Task to carry out -> The data below contains pictures, which are to be skipped; the lines starting at the line with "Figura 4. Reconstrucción del cráneo." and ending at the line with "Gambar 4.2: Komunitas Rewo-Rewo" are to be output exactly, both ends included.

Materials provided ->
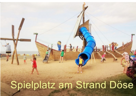
Spielplatz am Strand Döse
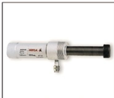
Cilindro de tracción. Opcional
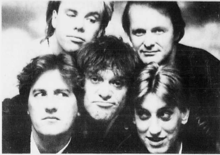
Kim Larsen omgivet af sine musikalske venner
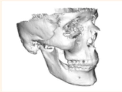
Figura 4. Reconstrucción del cráneo.
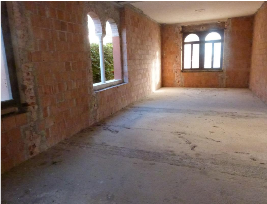
8 Piano primo – spazio da adibire ad appartamento ancora privo di divisioni.
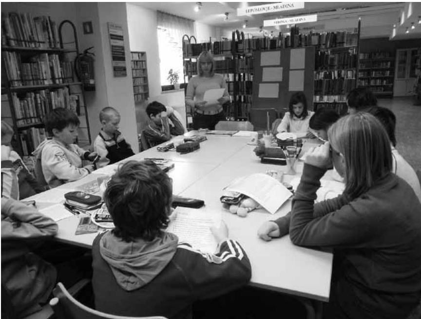
V risanju ilustracij so se preskusili tudi učenci iz Rovt.

Razstava ilustracij in likovne delavnice Adriana Janežiča
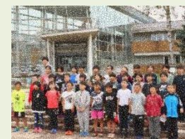
【ネイバル深川にて】
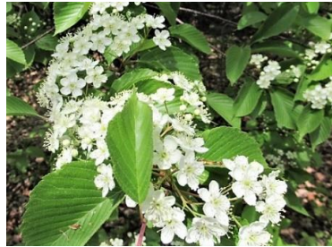
アズキナシ(小豆梨)
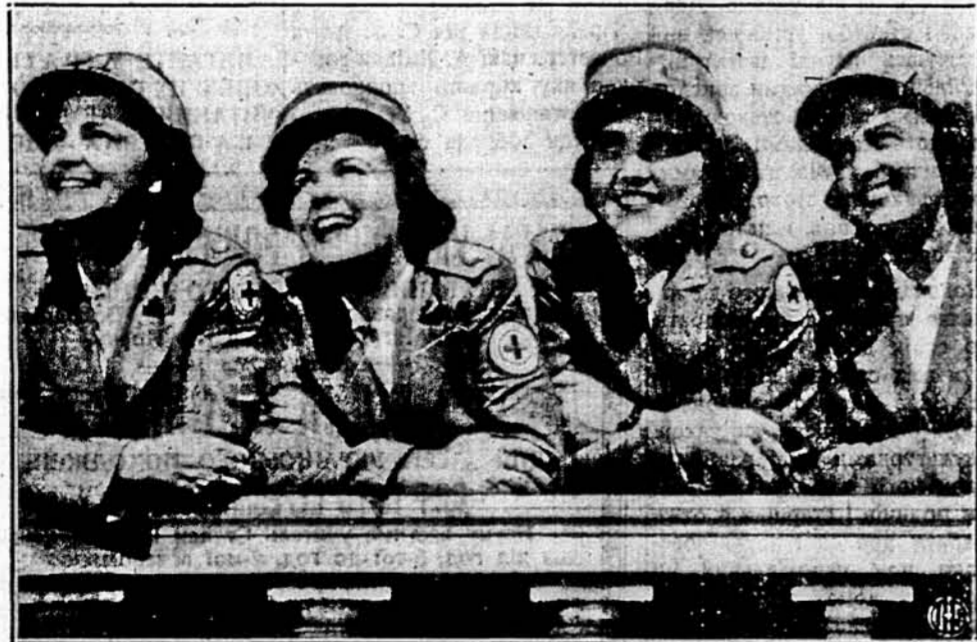
АМЕРИКАНСЬКІ КРАСУНІ В ЛОНДОНІ. — Гарні дівчата, що перед нами, це американки, що працюють в Червоному Хресті. Заки їх поприділявано до різних робіт, дано їм змогу оглянути Лондон, що вони і роблять.

BRANCH OFFICE & CHAPEL: 707 PROSPECT AVENUE, (cor. E. 155 St.), BRONX, N. Y. Tel.: MEtrose 5-5777
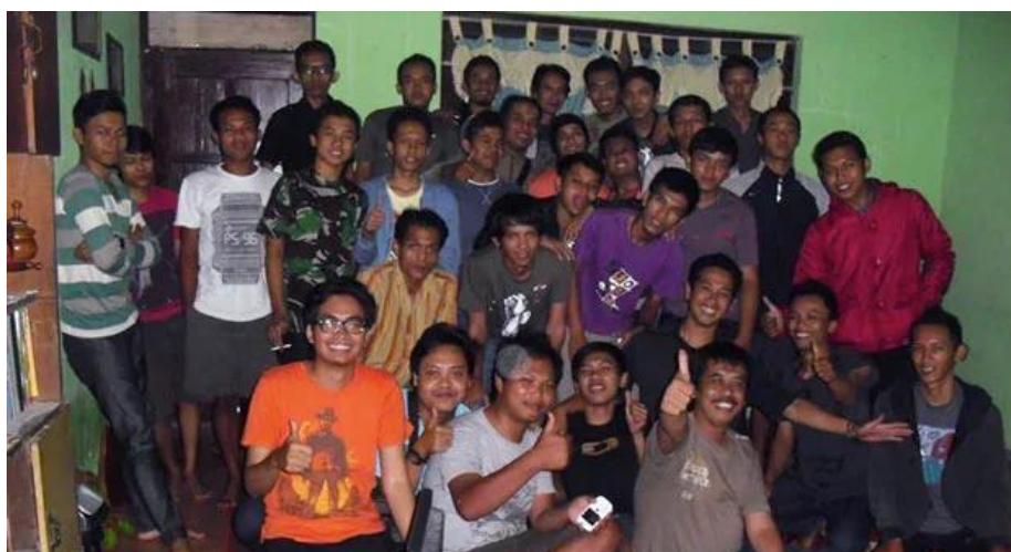
Gambar 4.2: Komunitas Rewo-Rewo
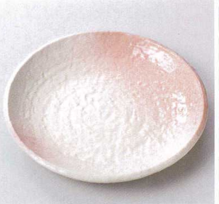
215-304-47 980円 桜志野7.0丸皿(20×3) 621530447 215-305-47 550円 桜志野5.0丸皿(15×2.5) 621530547
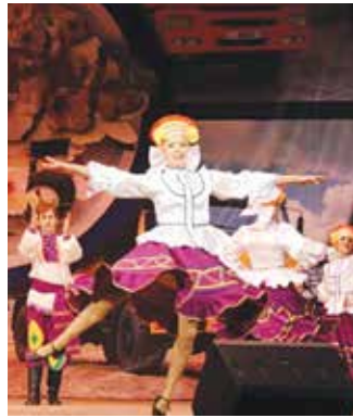
Танец «Барыня» у артистов «Премиума» получился озорным, задорным
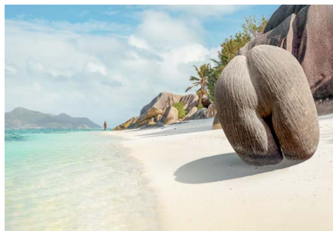
Bis 50 Zentimeter groß und bis 50 Kilogramm schwer: Coco de Mer
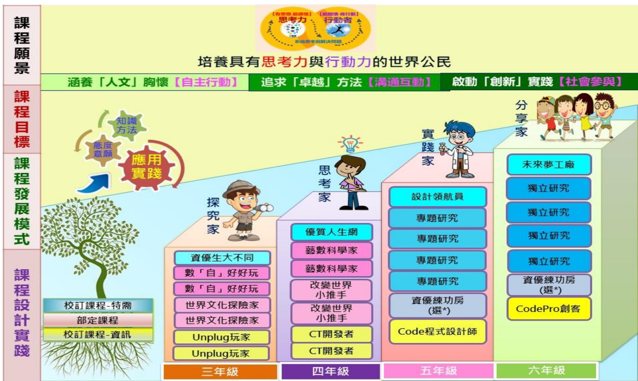
圖 2：附小資優班課程地圖
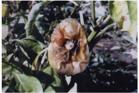
Бактериско влажно гниење на плодовите кај пиперката ( Erwinia carotovora )
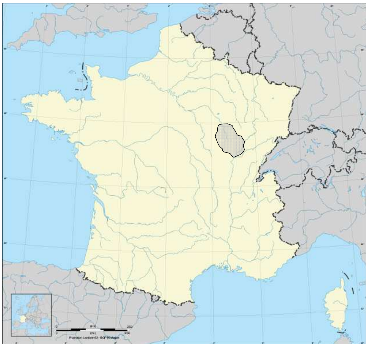
Réseau hydrographique de la France
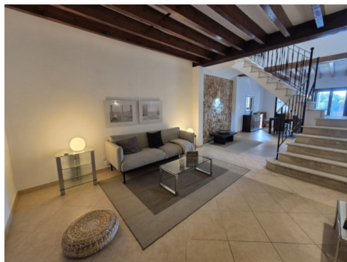
Salón - Comedor
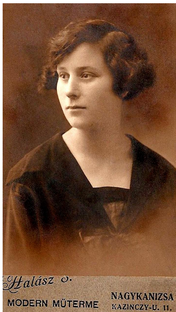
(1937 Anna, A fiatal Feleség)

Édesanyánkról még elmondanám, hogy többször járt "frontközelen". 1944 év végén amikor édesapánkat behívták frontszolgálatra, édesanyánk aggódott és folyamatosan próbált nyomában járni. Több alkalommal követte, egészen a tűzvonal közelében is, említette, hogy éjszaka is ment, maga sem tudta, hogy merre. Hajmáskér, Várpalota környékén, ott ahol a madár sem járt, fenn a magasban (drótkötél pályán) a szénszállító csillék jártak, a látóhatár szélén pedig nagy villanások, dőrejek. Vitt magával élelmiszert, cserekereskedéshez dohányárút, és mindazt, amit gondolta, hogy édesapánknak szüksége lehet. Többször feltartóztatták, visszaküldték, megfenyegették. Hírt többször kapott róla, találkozni nem sikerült édesapánkkal. Volt, hogy az összekészített csomagot a hátvonalban pihenőn lévő katonatársaknak adta, kérve őket, hogy adják át édesapánknak. Keresztanyám – akinek a férje édesapánkkal együtt volt katona – azt mondta, hogy vakmerő volt édesanyánk és nem lehetett lebeszélni a kalandos utakról.
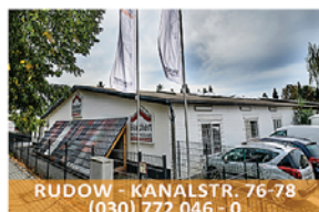
RUDOW - KANALSTR. 76-78 (030) 772 046 - 0
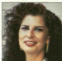
CARMEN ALBORCH Cultura

Elegido para dirigir la nueva cartera que englobará las funciones de Relaciones con las Cortes y portavoz del Gobierno, viene del Ministerio de Educación después de haber trabajado intensamente en la reforma educativa.
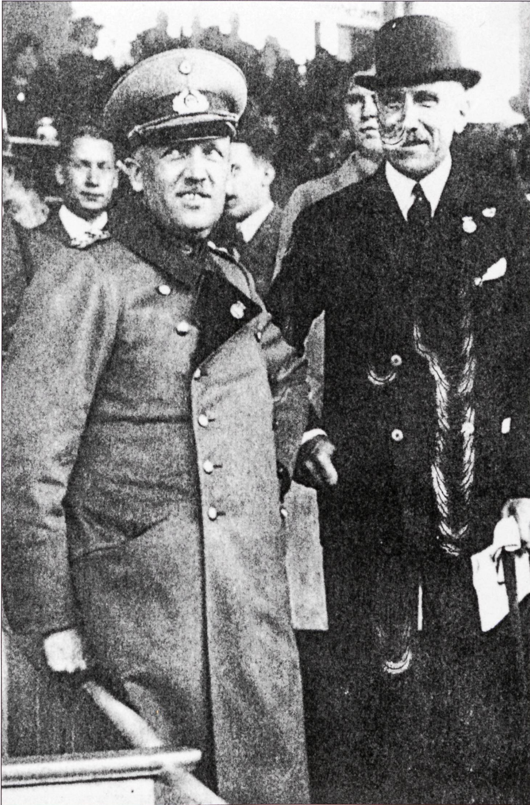
Hitlers «Steigbügelhalter»: General Kurt von Schleicher und Franz von Papen (1932).
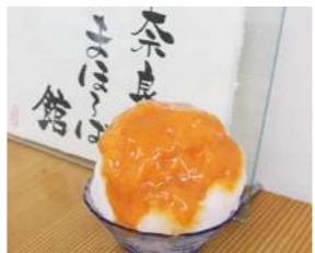
柿氷 500円(税込) 6月~8月(土日祝午後限定)発売

毎年大好評の「柿氷」、今年も期間限定で販売いたします!奈良県産の柿ペーストに吉野くず餅をトッピング。実は柿にはビタミンが豊富に含まれているため、冷たい柿氷を食べれば、暑い夏も元気に過ごせること間違いなしです!奈良のおいしさがたっぷり詰まった柿氷をぜひご賞味ください。
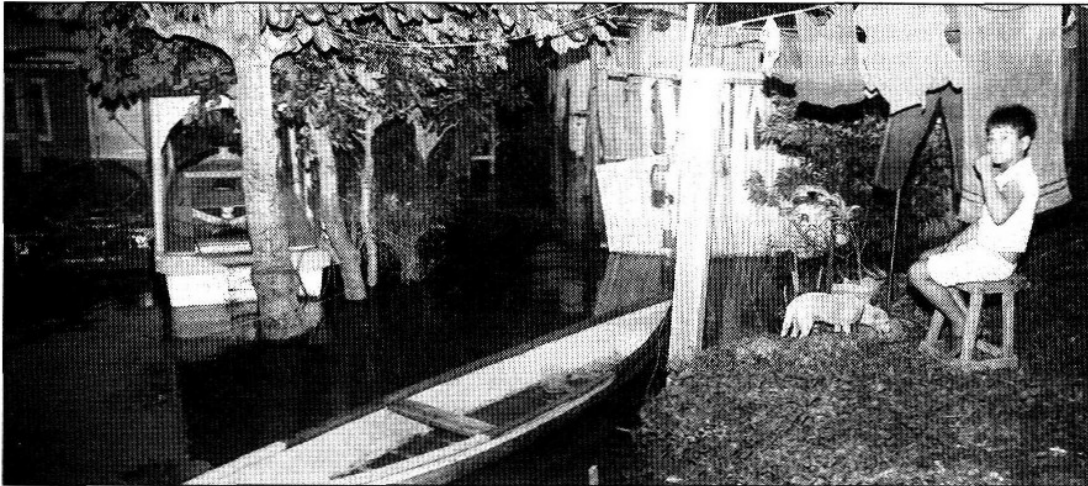
Tlaxcoltalpeños tuvieron que abandonar sus viviendas, mientras que el nivel del río Papaloapan ya rebasó su escala crítica
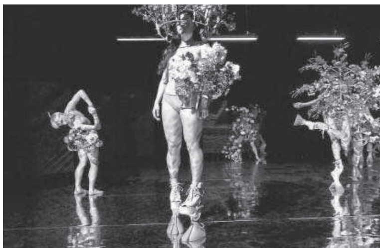
Intérpretes ataviados con el admirable vestuario de Romain Brau.

Soufflette es un espectáculo realizado por el coreógrafo francés François Chaignaud para la
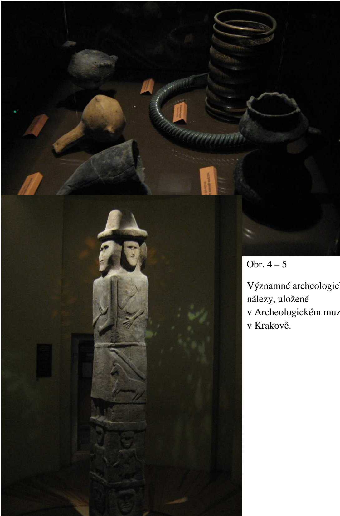
Obr. 4 – 5

Významné archeologické nálezy, uložené v Archeologickém muzeu v Krakově.
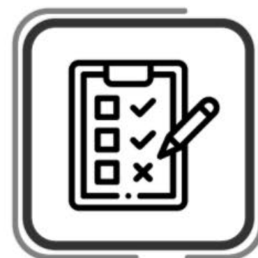
Revisión de punterías (ajuste cuando proceda)
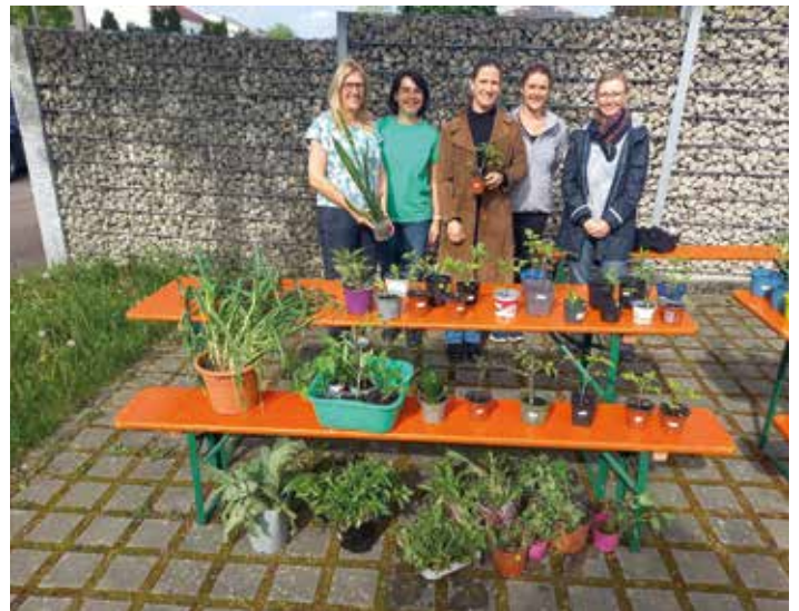
Der Obst- und Gartenbauverein Wolkertshofen hat eine Pflanzenbörse am Feuerwehrhaus durchgeführt.

Jeder der am Tennistraining teilnehmen möchte, kann sich gerne unter folgender Nummer melden: 015114994349 Weitere Infos werden dann persönlich mit den jeweiligen Interessenten besprochen. Es freut sich die Vorstandschaft der Abteilung Tennis FC Nassenfels.
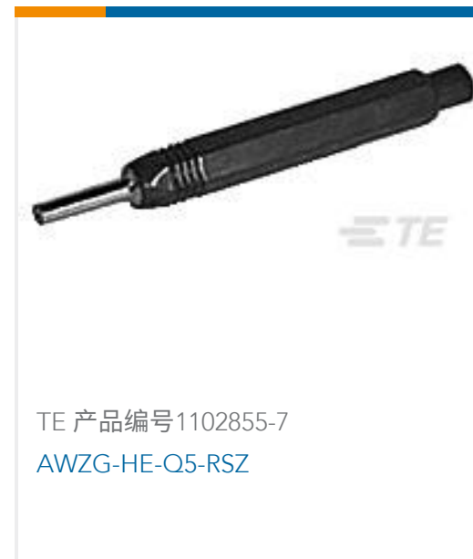
TE 产品编号1102855-7 AWZG-HE-Q5-RSZ

Answer ->
Figura 4. Reconstrucción del cráneo.
8 Piano primo – spazio da adibire ad appartamento ancora privo di divisioni.
V risanju ilustracij so se preskusili tudi učenci iz Rovt.

Razstava ilustracij in likovne delavnice Adriana Janežiča
【ネイバル深川にて】
アズキナシ(小豆梨)
АМЕРИКАНСЬКІ КРАСУНІ В ЛОНДОНІ. — Гарні дівчата, що перед нами, це американки, що працюють в Червоному Хресті. Заки їх поприділявано до різних робіт, дано їм змогу оглянути Лондон, що вони і роблять.

BRANCH OFFICE & CHAPEL: 707 PROSPECT AVENUE, (cor. E. 155 St.), BRONX, N. Y. Tel.: MEtrose 5-5777
Gambar 4.2: Komunitas Rewo-Rewo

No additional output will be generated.